Known-good counts: 39 tool/scoring · 21 safety · 12 API (non-integration) · 18 agent-isolation · 1 full-scan integration.

Known deviations from the architecture spec

See SPEC_DEVIATIONS.md for the running log.

Validation campaign — brief

Implementing the auto-runnable subset of PrePulse_Validation_Testing_Plan.md under validation/. Standalone runner; per-test JSONL with the plan's §5.1 schema; combined all_runs.jsonl per campaign.

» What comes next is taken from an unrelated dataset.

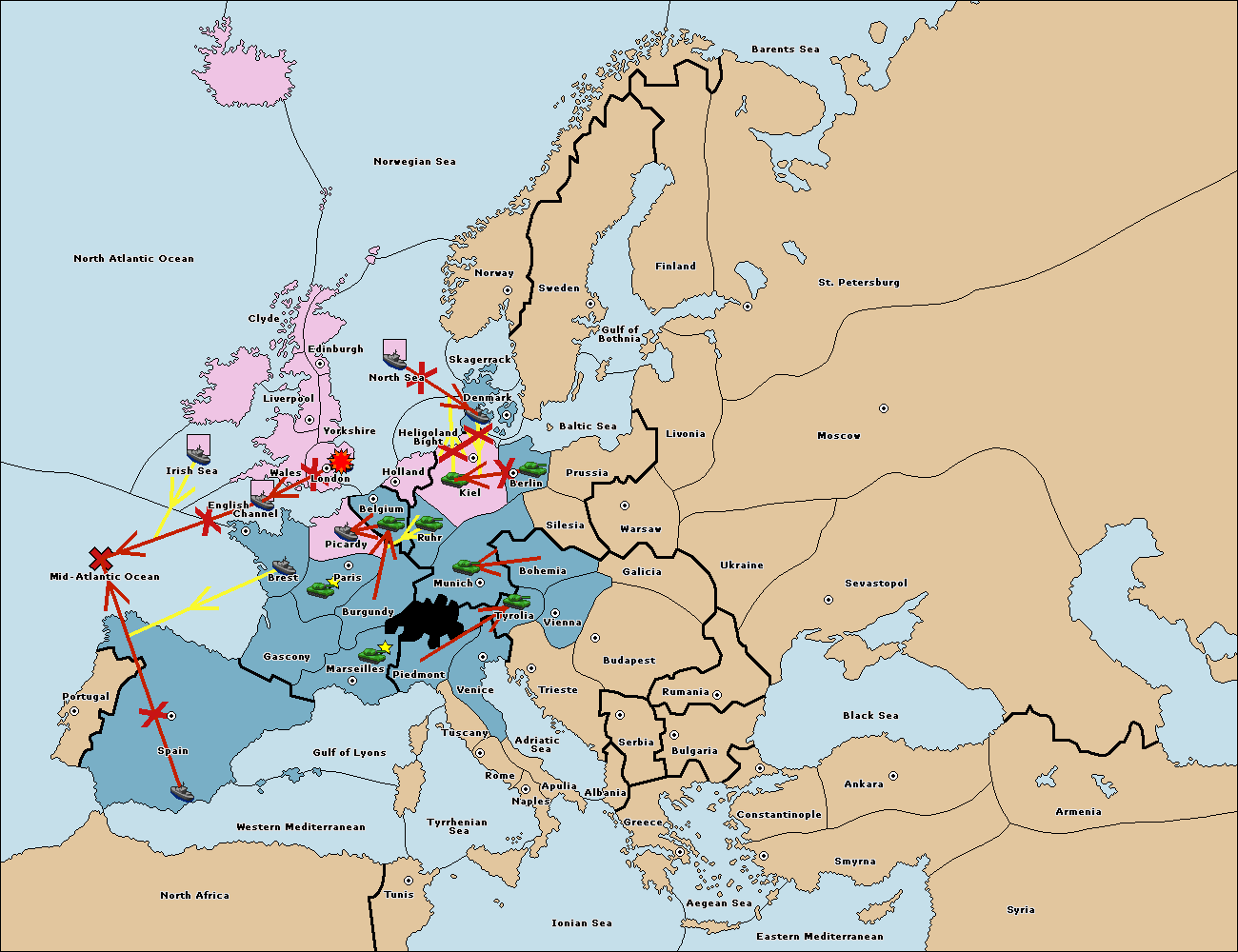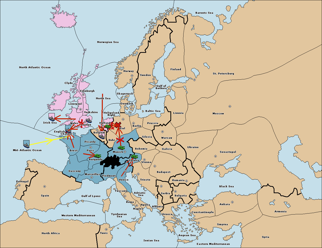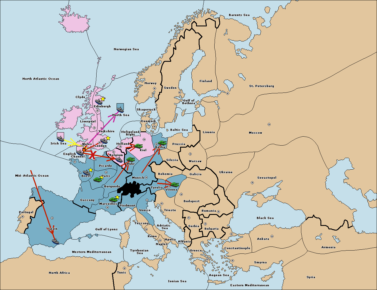 The fleet at Mid-Atlantic Ocean support move to English Channel from Brest.

Headline (281 results across the F-01..F-35 surface):

Result Count Note
pass 186 majority of the deterministic + in-process surface
fail 18 all prototype-side (see below)
error 3 one chat request, one judge crash, one agent crash
inconclusive 74 almost entirely Anthropic rate-limit during the chatbot run

Tests at 100% pass-rate: F-01/04/07/10/13 (75/75 schema conformance), F-05 (MITRE ids), F-08 (tool registry), F-12 (Remediator routing), F-15 (posture determinism in-process), F-19 (SSE event taxonomy), F-20 (trace JSONL fidelity), F-22 (frontend routes), F-25 (trace bytes stable), F-28 (no capability hallucination, 21/21), F-32 (LLM fallback wired), F-34 (schema rejection), F-35 (injection canaries 14/14).

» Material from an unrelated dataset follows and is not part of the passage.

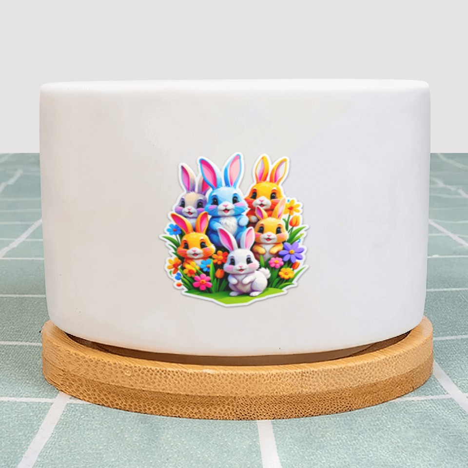 Colorful Spring Celebration with Cute Bunnies Plant Pots
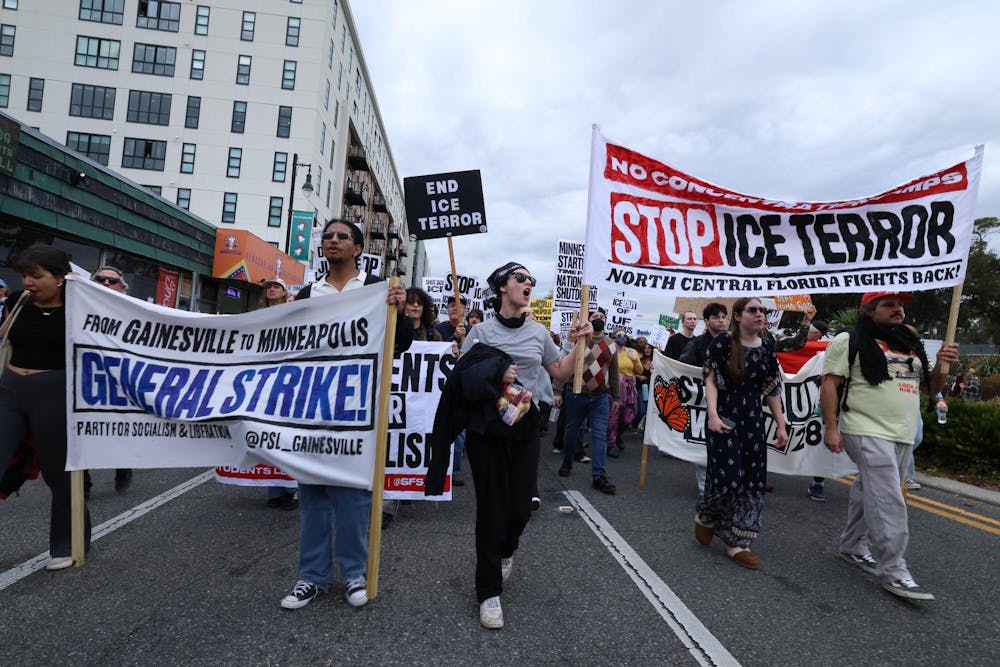 Protestors march down University Ave. during an anti-ICE protest in Gainesville, Fla., Friday, Jan. 30, 2026.

Real prototype-side findings the campaign surfaced:

  • F-33 / F-18 — posture-score drift. LLM-driven Hardening agent consistently over-credits risk_reduction_estimate, pushing greenfield posture from spec=32 → 47, shoplocal 72 → 99. The high score skips Remediator (§11 conditional route) → only 5 agents fire (test required ≥6). Recommend tightening Hardening's prompt cap or services/scoring.py weights.
  • F-21 — LLM non-determinism. Same profile, two runs, event sequences differ by 1 event. Temperature 0.2 isn't 0; mock-mode determinism (plan §2.5.1) is not achievable without temperature=0.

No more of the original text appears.